La giurisdizione cui viene devoluta tale valutazione, tuttavia, differisce in relazione alla classificazione del comportamento posto in essere. Il dato normativo relativo al riparto di giurisdizione ricomprende, necessariamente, la bipartizione della tutela ravvisabile nei diritti soggettivi e negli interessi legittimi.
Se con l'art. 2 L.A.C. il legislatore ha inteso fare riferimento alla situazione giuridica di cui viene chiesta tutela e con l'art. 3 L.A.C., invece, parrebbe che l'individuazione del giudice avvenga sulla base delle istanze delle parti interessate, rilevando il criterio del petitum, la giurisprudenza è pacifica nel ritenere che, ai fini dell'individuazione del giudice giusdicente, ciò che rileva è la causa petendi. Pertanto, è necessario individuare la posizione giuridica lesa (diritto soggettivo o interesse legittimo): parametro utile all'individuazione dell'una o dell'altra posizione soggettiva sostanziale, prende le mosse dal criterio che si basa sulla contrapposizione tra carenza e cattivo uso del potere. Ove la P.A., difatti, emetta un provvedimento sulla base di un potere che le è stato conferito ma che viene esercitato illegittimamente, in violazione della disciplina di legge, l'atto viene considerato annullabile per cattivo uso del potere.
Il criterio discretivo che fa leva, dunque, sulla bipartizione tra carenza e cattivo uso del potere, è utile all'individuazione della differenza tra diritti soggettivi e interessi legittimi. Nell'ipotesi di carenza di potere, infatti, l'azione amministrativa che difetta dell'attribuzione del potere, non è in grado di degradare o affievolire il diritto soggettivo a interesse legittimo. Viceversa, in caso di cattivo uso del potere, si verifica tale effetto di degradazione o affievolimento e, pertanto, la posizione del privato è quella dell'interesse legittimo.

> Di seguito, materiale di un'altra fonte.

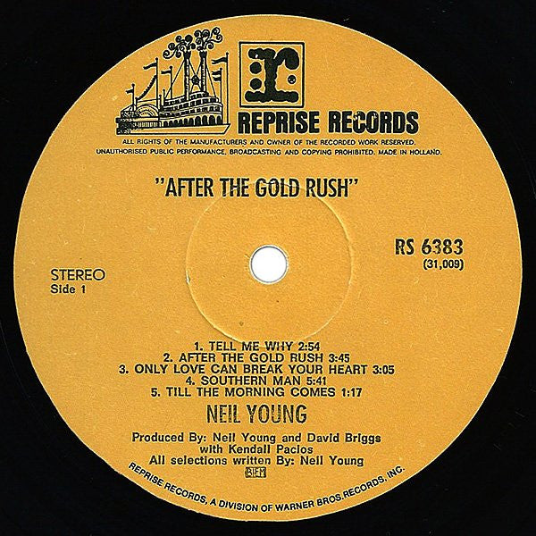 Dutch release of this album, most likely 1970 release. - with insert - sleeve laminated front and rear (Not inside gatefold) - the sleeve credits only Nils Lofgren on piano (later sleeves credit Neil Young, Nils Lofgren and Jack Nitzsche) - the labels have 31,009 on side 1 and 31,010 on side 2. - track B6 titled "Cripple Creek Ferry" on vinyl label and "Crippled Creek Ferry" on back cover. - catalog numbers are "RS 6383" on spine and vinyl labels, and "6383" on back cover. Most of these songs were inspired by the Dead Stockwell-Herb Berman screenplay "After The Goldrush".
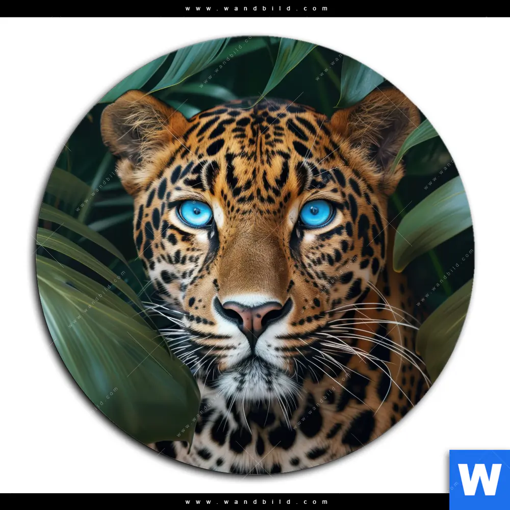 Aluminiumbild gebürstet | Leopard mit blauen Augen | Rund
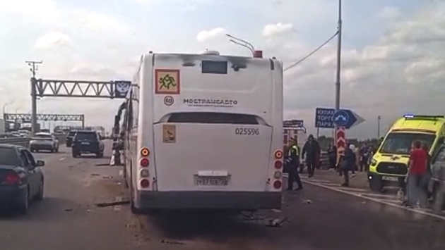 В Подмосковье автобус врезался в большегрузный автомобиль, сообщает Telegram-канал «Типичные Бронницы».
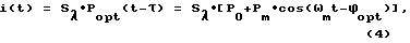Эта процедура подробно описывается ниже. Поле ВЧ-дрейфа, возникающее под действием напряжения Uam(t) и Ubm(t), действует таким образом, что электроны дрейфуют к соответствующей положительной стороне. Во время, например, положительной полуволны напряжения Uam(t) = U0 + Um(t) модуляционных фотовентилей, то есть во время отрицательной полуволны Ubm(t) = U0 – Um(t), фотогенерируемые носители заряда будут дрейфовать к накопительному вентилю Ga и накапливаться там или передаваться в виде количества заряда qa (смотри два верхних распределения напряжений модуляционных фотовентилей на фиг.1b и с). Фиг. 3, для случая стабильного, гармоничного, модулированного освещения, представляет оптическую мощность пиксель в видеPopt(t- ) = P0+Pmcos( t- opt) (3)где Р0 – среднее значение, содержащее фоновое освещение, Рm – амплитуда модуляции, wm – частота ВЧ-модуляции, opt – – фазовая задержка и = opt/ m – соответствующая задержка времени прохождения падающей световой волны относительно фазы модуляции в Gm. Результирующее значение фототока, который вырабатывается в пикселе, равно:![]() i(t) = I0+Im cos( mt- opt) (5)с параметрами I0 = среднее значение фототока пикселя в соответствии с Р0, Im = чередующаяся амплитуда модулированного фототока в соответствии с Рm и S = спектральная чувствительность. Этот полный фототек в пикселе делят на две составляющие, а более конкретно – на ток ia(t) накопительного вентиля Ga и на ток ib(t) накопительного вентиля Gb. Так как эти значения интегрируют в ПЗС-технологии под соответствующими накопительными вентилями Ga и Gb и в случае КМОП-технологии, в которой происходит считывание пиксель-образным способом предпочтительно в электронной системе считывания – достаточно в дальнейшем для рассмотрения, которое далее приводится для среднего значения ia и ib этих токов. Максимум в терминах разделения зарядов достигается для угла opt = 0 и = 0. Эта ситуация представлена на фиг.3.
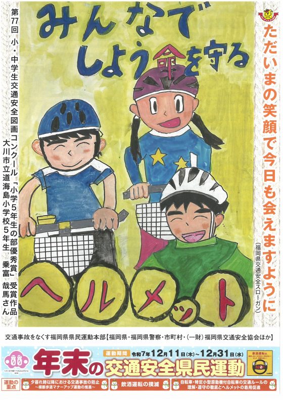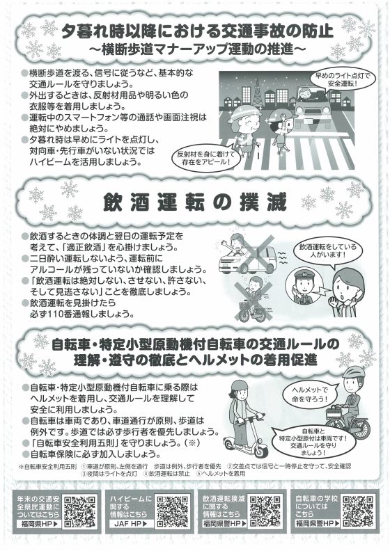 2025.12.11 お知らせ 年末の交通安全県民運動実施中 福岡県では年末の交通安全県民運動を実施中です。 期間 令和7年12月11日(木)~12月31日(水) 期間中は、より一層の安全運転、交通事故防止を心がけましょう。 お知らせ一覧へ

Dottrina e giurisprudenza hanno circoscritto i casi in cui si manifesta la carenza di potere (con giurisdizione del giudice ordinario) alle ipotesi di carenza di potere in senso stretto, straripamento di potere e incompetenza assoluta. Tale criterio di differenziazione è sancito dagli artt. 103 e 113 della Costituzione. Dalla lettura dell'art. 103, difatti, si deduce che il giudice cui vengono devolute le controversie aventi ad oggetto la lesione di un interesse legittimo è il giudice amministrativo, mentre con l'art. 113 il giudice ordinario può essere investito del potere di annullamento dell'atto amministrativo.